I could spend hours on Slack and I’m probably going to do a few more demos on Slack coming
down the pipe, especially if you let me know in the Comments area if you want to know more
about Slack, if this is a tool that you like and that you want to know more about. But
it’s one that I’m really excited about. It’s changing how I work and I can see the
benefit on a daily basis. I hope you found this video today to be useful.
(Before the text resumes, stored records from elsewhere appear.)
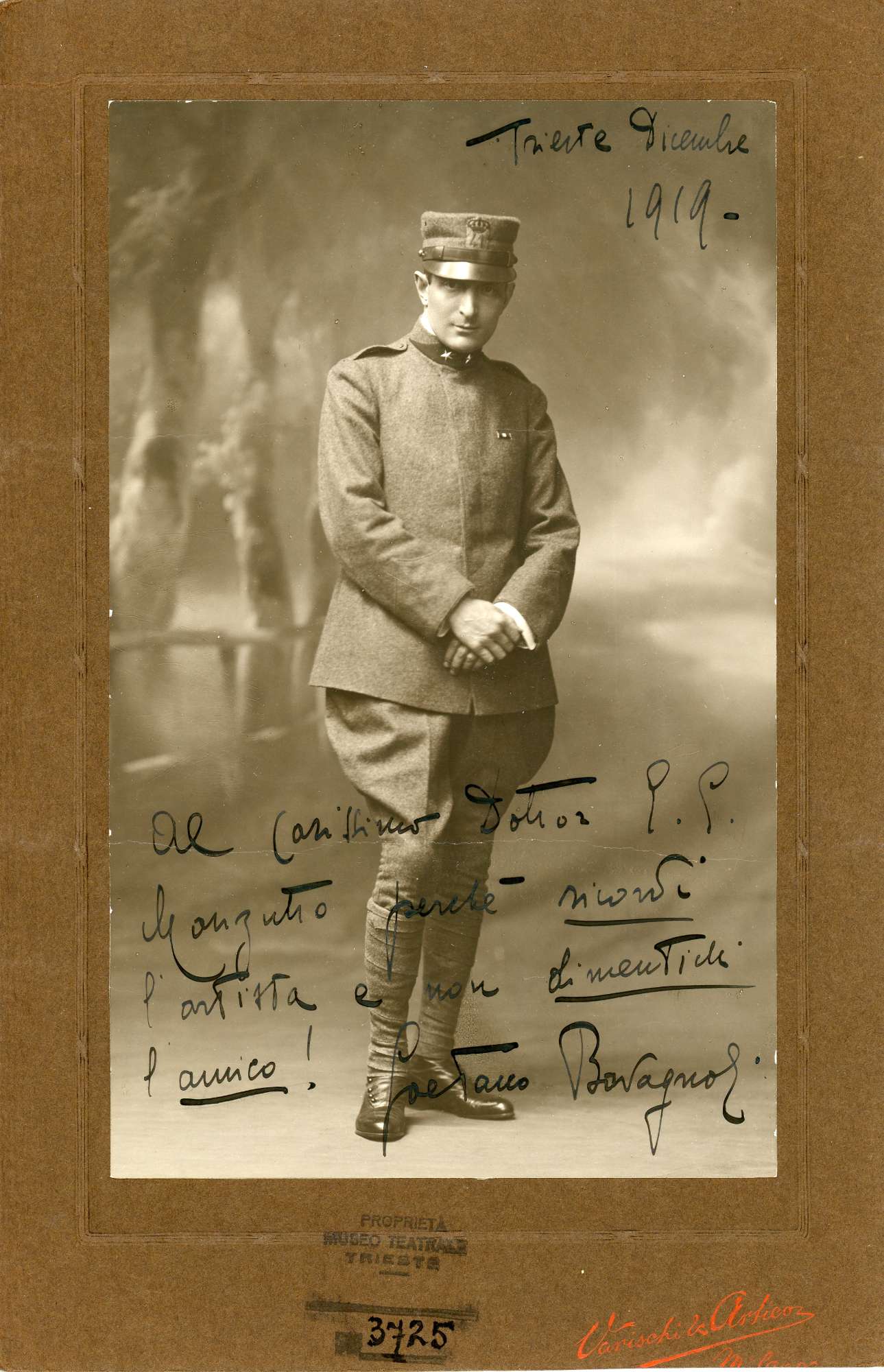 Lo studio ed il laboratorio fotografico "Varischi Artico e C." si costituisce a Milano nel 1900, rilevando l'attivita' dello studio Ricci, uno dei primi fotografi in Milano specializzato sin dal 1850 in dagherrotipi, notevole ritrattista con una ricca clientela fatta di borghesi e aristocratici. Del nuovo studio erano soci: Giovanni Artico, Arturo Varischi e Angelo Pettazzi, stabilito in Corso Vittorio Emanuele n. 110-111, poi Corso Vittorio Emanuele 22. Angelo Pettazzi e' un affermato commerciante, produttore di apparecchi fotografici nella ditta omonima fondata nel 1871, Giovanni Artico e Umberto Varischi invece avevano lavorato entrambi presso lo studio Ricci.
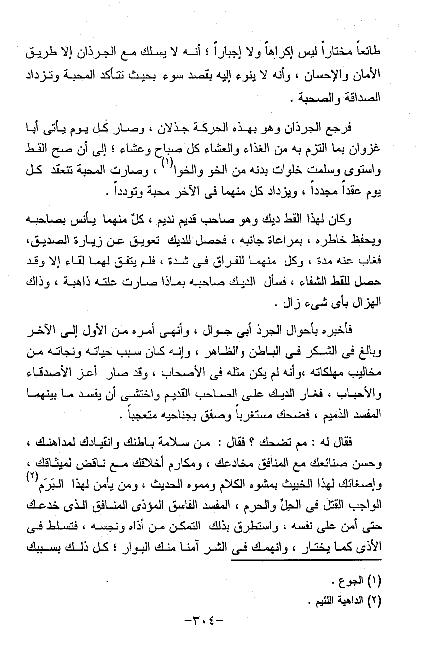 طائعاً مختاراً ليس إكراهاً ولا إجباراً أنه لا يسلك مع الجرذان إلا طريق الأمان والإحسان وأنه لا ينوء إليه بقصد سوء بحيث تتأكد المحبة وتزداد الصداقة والصحبة فرجع الجرذان وهو بهذه الحركة جذلان وصار كل يوم يأتي أبا غزوان بما التزم به من الغداء والعشاء كل صباح وعشاء إلى أن صح القط واستوى وسلمت خلوات بدنه من الخو والخوا وصارت المحبة تنعه بكل يوم عقد مجدداً ويزداد كل منهما في الآخر محبة وتودداً وكان لهذا القط ديك وهو صاحب قديم وصديق نديم كل منهما يأنس بصاحبه ويحفظ خاطره بمراعاة جانبه للديك تعويق عن زيارة الصديق فغاب عنه مدة وكل منهما للفراق في شده فلم يتفق لهما إلا وقد حصل للقط الشفاء وزال الشقاء فسأل الديك صاحبه بماذا صارت علته ذاهبة وذاك الهزال بأي شيء زال فاخبره بأحوال الجرذ أبي جوال وأنهى أمره من الأول إلى الآخر وبالغ في الشكر في الباطن والظاهر وأنه كان سبب حياته ونجاته من مخاليب مهلكاته وأنه لم يكن مثله في الأصحاب وقد صار أعز الأصدقاء والأحباب فغار الديك على الصاحب القديم وأختشى أن يفسد ما بينهما المفسد الذميم فضحك مستغرباً وصفق بجناحيه متعجباً فقال له مم تضحك فقال من سلامة باطنك وانقيادك لمداهنك وحسن صنائعك مع المنافق مخادعك ومكارم أخلاقك مع ناقض ميثاقك وإصغائك لهذا الخبيث بمشوه الكلام ومموه الحديث ومن يا من لهذا البرم الواجب القتل في الحل والحرم المفسد لفاسق المؤذي المنافق الذي خدعك حتى أمن على نفسه واستطرق بذلك التمكن من أذاه ونحسه فتسلط الأذى كما يختار وانهمك في الشر آمناً منك البوار كل ذلك بسببك
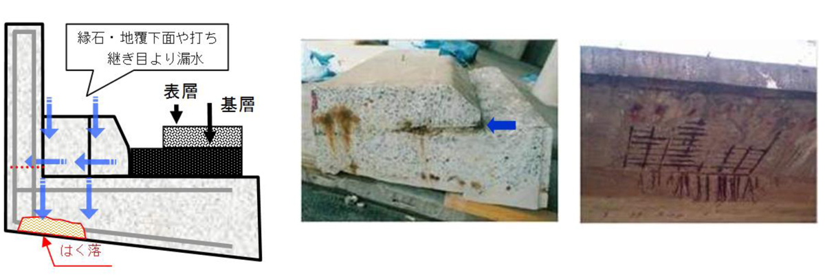 凍害のみならずASRも同様にそうした砂利化を助長しています。例えばこれらの影響が見られる北陸などでは、交通荷重などに起因した貫通ひび割れなどの疲労損傷に加え、なおかつ砂利化も生じています。このように日本海沿岸や東北、北海道などの寒い地域では、疲労に加え塩害または凍害など複合的な損傷要因で劣化、損傷が顕在化しているのが最近の特徴です。こうした状況を受けて、国土交通省では従来のような床版下面から調査できるひび割れや遊離石灰だけでなく、舗装に生じているポットホールに着目して、その周辺の床版は注意して点検するような配慮がされるようになってきています。
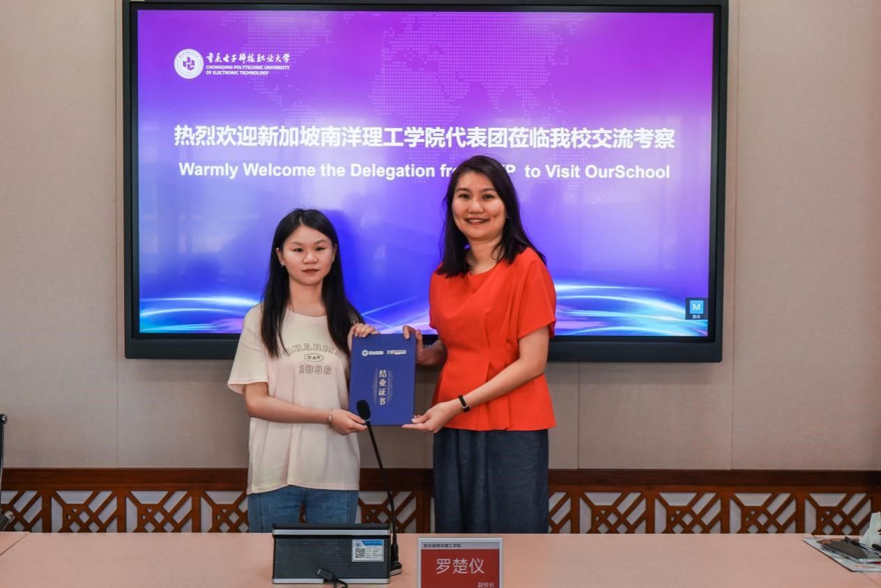 随后,与会嘉宾就重庆职业教育的发展进行了热烈的讨论与交流。同时,新加坡南洋理工学院副校长罗楚仪教授亲自主持证书颁发仪式,为曾经参与过新加坡南洋理工学院研修班的4名重电学生颁发了结业证书。这一时刻不仅是对学生们辛勤付出的肯定,更是对两校教育合作成果的具体体现。
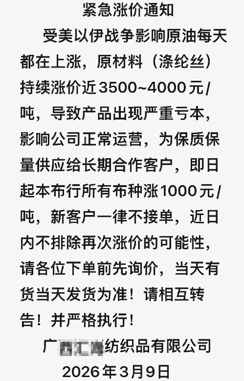 上个月 9 号,也就是3月9号。合作了十几年的上游纺织厂,直接甩来一张紧急涨价通知,核心内容一句话就能概括:受美以伊战争影响,原油天天涨,我们做布料的核心原料涤纶丝,一吨涨了 3500-4000 块,所有布种每吨统一涨 1000 块。
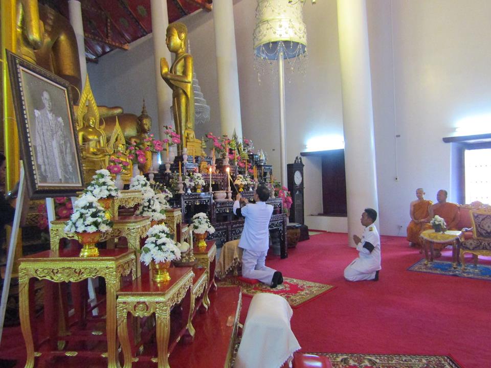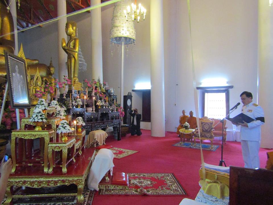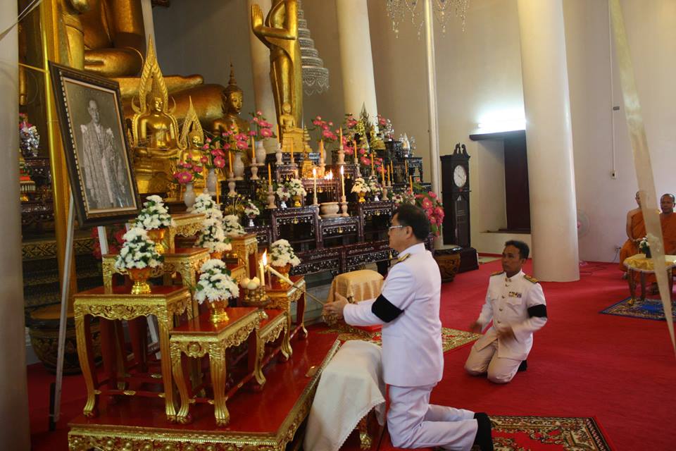 ข้าราชการ พ่อค้า ประชาชน ชาวจังหวัดนครศรีธรรมราช ร่วมพิธีบำเพ็ญกุศลสวดพระอภิธรรมเพื่อถวายเป็นพระราชกุศล พระบาทสมเด็จพระปรมินทรมหาภูมิพลอดุลยเดชฯ ณ พระวิหารหลวง วัดพระมหาธาตุวรมหาวิหาร จังหวัดนครศรีธรรมราช ในวันพุธที่ 26 ตุลาคม 2559 เวลา 15.52 น. โดยมีนายขจรเกียรติ รักพานิชมณี รองผู้ว่าราชการจังหวัดนครศรีธรรมราช เป็นประธานในพิธี
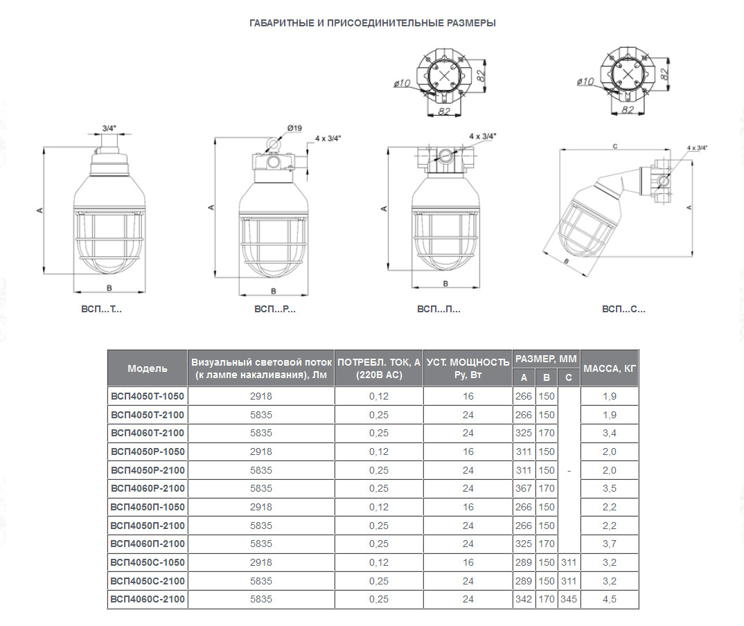 В светильниках типа ВСП допускается замена лампы со светодиодной матрицей на энергосберегающую, галогенную и лампу накаливания исходя их таких характеристик.
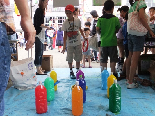 おおきなサイコロを振って景品がもらえるゲーム、スーパーボールすくい、輪投げがあり、小さな子どもから中学生までおよそ700人が楽しみました。
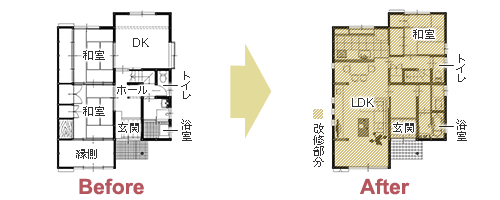 | リフォーム箇所 | リビング、ダイニング、キッチン、洗面室、トイレ、浴室、玄関、和室、外壁、屋根 |
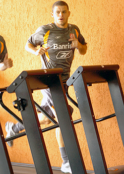 Edinho realiza exercício físico em academia: volante deve voltar ao time contra o Palmeiras
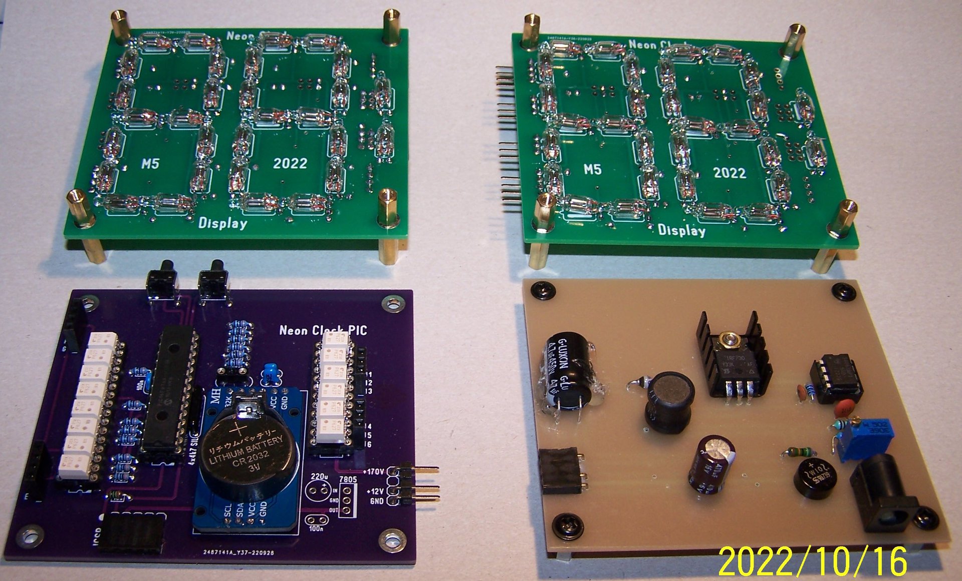 Kaqkk barátommal egy évvel ezelőtt kezdtük a Neon Clock fejlesztését. Én terveztem és építettem a hardvert, ő pedig a programot írta hozzá. Sajnos, a multiplex vezérléssel a sokadik próbálkozás után is gond volt. Ezért lemondtam róla és az összes addig elkészült panelt átadtam Kaqkk barátomnak, én pedig hozzákezdtem a v2.0 fejlesztéséhez.

Now there are three ways to stay in touch with us here on DottoTech. The first is subscribe
to this channel, the second subscribe to our newsletter and the third is DottoTech is a
community-funded site supported through our partners at Patreon. If you want to know about
the different perks involved in being a patron supporter, I encourage you to drop by our
website. And as a completely self-serving note before
we’re done, I’m going to put a link in to this page which is the description of our
Slack Made Easy course. If you’ve decided you like what you see of Slack here and you
want to learn more about using it, why not take a look at the course? You can be a member
of the group that I was just showing you. We basically use Slack to teach you how to
use Slack. It’s a $40 investment and you will learn how to use Slack quickly, effectively
and get you in and productive as quickly as possible. So we’ll include the link in the
description field. That’s all the time we have for today’s show. I am Steve Dotto.
Until next time, have fun storming the castle.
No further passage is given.